The main take-away for me is that current debates around personalization do not always take factors such as language, geography and time into suffient account, although such factors are much more important than individual user preferences are in shaping personalization. That said, who exactly gets to see strongly divergent search results, why this happens, and what effects it has on those users is an import research question for our field.
- The sample is based on self-selection, limiting its generalizability. This applies especially to the non-German results, which make up a much smaller share of the data. Imagine this with a (more) representative panel of users. We may well encounter very different results in detail, but I think the principle approach would still hold.
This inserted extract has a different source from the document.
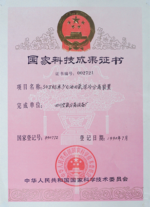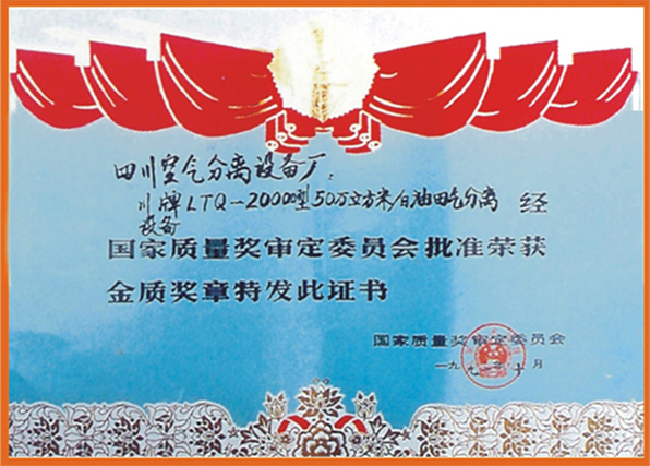由川空集團公司開發的50×104Nm3/d油田氣分離成套設備曾獲國家科技成果二等獎及國家質量金獎。

- The decisive variables to study deep personalization are probably not in the data set at all, but in the users’ browsing history. All of the outliers visible in the plots must be explicable by that, unless one assumes that Google just randomly shows some people very non-standard results. The beauty of the ctrees is that they show internal deviation within nodes. For example, someone in Node 6 of Angela Merkel’s tree gets very German results, although she shouldn’t, based on what the manifest variables on language and location would predict.
- The clustering needs further validation by comparing days and experimenting with looking at longer periods.
(*) It is also possible that our sample is biased in this respect. If there are many Green supporters among the participants in the Datenspende data, perhaps only they are shown the many websites operated by local party branches.
(**) Whether a candidate presents herself on the party’s page or her own website will usually make little difference, of course.
(***) Of course the order is extremely important, but a) operationalizing this is complicated and b) we are not so much interested in what a user will click on but what menu of choices (the first page of results) they are presented with.
(****) This is likely to be complicated in practices, especially because there are bound to be interactions, but the profiles by language and location are likely to hold up in practice, because showing someone a news website they don’t usually read is different from showing them content in a language they don’t understand, or showing them the website of a U.S. university instead of a political party from Bavaria.